# Not Just a Noisy Furnace!



## 1stTimeAround (Sep 22, 2004)

Hello everyone!! action

Well the wife and kids and I had a great time at Hatteras Island this past holiday weekend!! We fished, mini-golfed and just enjoyed each other and the great outdoors!

The furnace on the 28RSS sure did blow some warm air, the problem was that it did not seem to work consistently with the temperature I had set it on. I had it set at 70 degrees. I had two thermometers in the camper both that would read well below 70 and the heater would not come on. The other issue was that on the way home, with the remote control for the furnace off (which I assumed means the unit is off) it continued to run.

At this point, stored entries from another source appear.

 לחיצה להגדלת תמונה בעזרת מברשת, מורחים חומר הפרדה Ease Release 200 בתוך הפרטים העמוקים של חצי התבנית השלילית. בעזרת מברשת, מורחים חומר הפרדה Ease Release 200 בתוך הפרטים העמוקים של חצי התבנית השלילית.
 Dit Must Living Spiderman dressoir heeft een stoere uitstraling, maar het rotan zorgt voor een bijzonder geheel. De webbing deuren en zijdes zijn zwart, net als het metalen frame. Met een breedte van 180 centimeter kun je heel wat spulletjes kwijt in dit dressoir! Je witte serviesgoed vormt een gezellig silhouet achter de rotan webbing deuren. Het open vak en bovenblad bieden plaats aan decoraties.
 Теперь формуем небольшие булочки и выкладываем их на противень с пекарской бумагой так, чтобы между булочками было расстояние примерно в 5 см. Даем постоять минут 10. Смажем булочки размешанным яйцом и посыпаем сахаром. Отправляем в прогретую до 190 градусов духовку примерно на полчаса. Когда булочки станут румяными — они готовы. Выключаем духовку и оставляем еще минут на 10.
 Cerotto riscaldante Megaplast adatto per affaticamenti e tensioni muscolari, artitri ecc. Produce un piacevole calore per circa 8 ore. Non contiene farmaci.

Any reasons are welcomed!!

All in all though, the Outback is great!! The kids had a blast and so did the wife and I! It was also Belle's first trip and she seemed to really love all the attention from being with us all day!

Jason


----------



## GlenninTexas (Aug 11, 2004)

The remote control operation is misleading. If you are not in a direct line of sight with the receiving unit (read - under the sensor) you can set the remote to anything but the unit won't receive it, so th3e remote might read your temperature setting at 70 but the unit will only know about the last good setting. his includes on and off as well.

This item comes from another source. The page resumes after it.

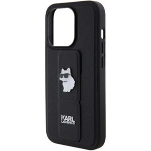 Aizmugurējais vāciņš Karl Lagerfeld Karl Lagerfeld Gripstand Saffiano Choupette Pins case for iPhone 15 Pro Max – black
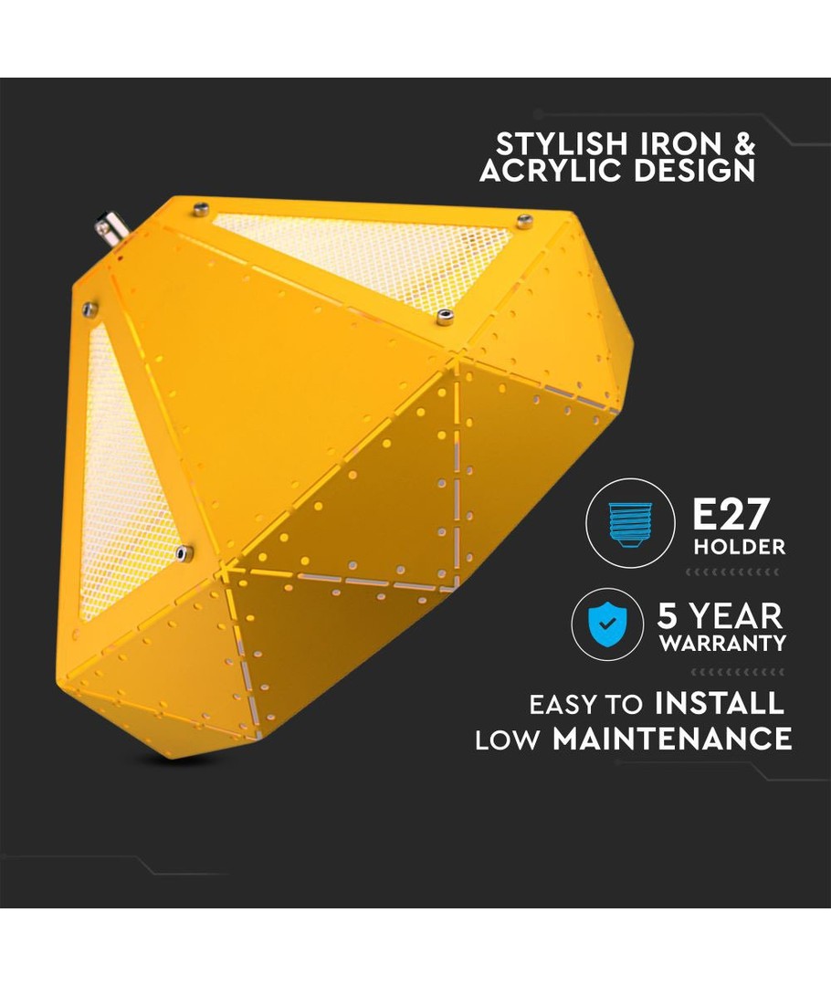 Den iøjnefaldende gule nuance af lampeskærmen tilføjer en livlig og frisk tonalitet, der komplimenterer moderne indretningstendenser. Denne lampe bruger en E27 fatning, hvilket gør det nemt at finde kompatible pærer, som passer til dine belysningsbehov.

Kind of defeats the purpose of a remote, but I've found the only way to insure the remote signal is gettin gto the receiver is to be almost under it. You should hear a faint beep from the receiving unit when it picks up the remote signal.


----------



## Paul_in_Ohio (Sep 29, 2004)

I agree with Glenn,
I always check the unit in the ceiling to make sure of the opperation. It would have been nice if they had a repeater panel on the unit to confirm your changes or to have the unit based on radio waves as opposed to IR so that position and angle would not have played with it so much.


----------



## California Jim (Dec 11, 2003)

Same deal here. The remote works just fine and we use it while in bed without any trouble. Just gotta point it directly at the head unit and hear a confirming beep.


----------



## j1mfrog (Jun 6, 2004)

I have found that there is a significant "dead band" in the thermostat for the furnace. Just like you said, the furnace kicks on well below 70 when set at 70. Then it goes pretty high above 70 before it kicks off. If this is abnormal, someone please tell me how to fix it. I just assumed it was normal.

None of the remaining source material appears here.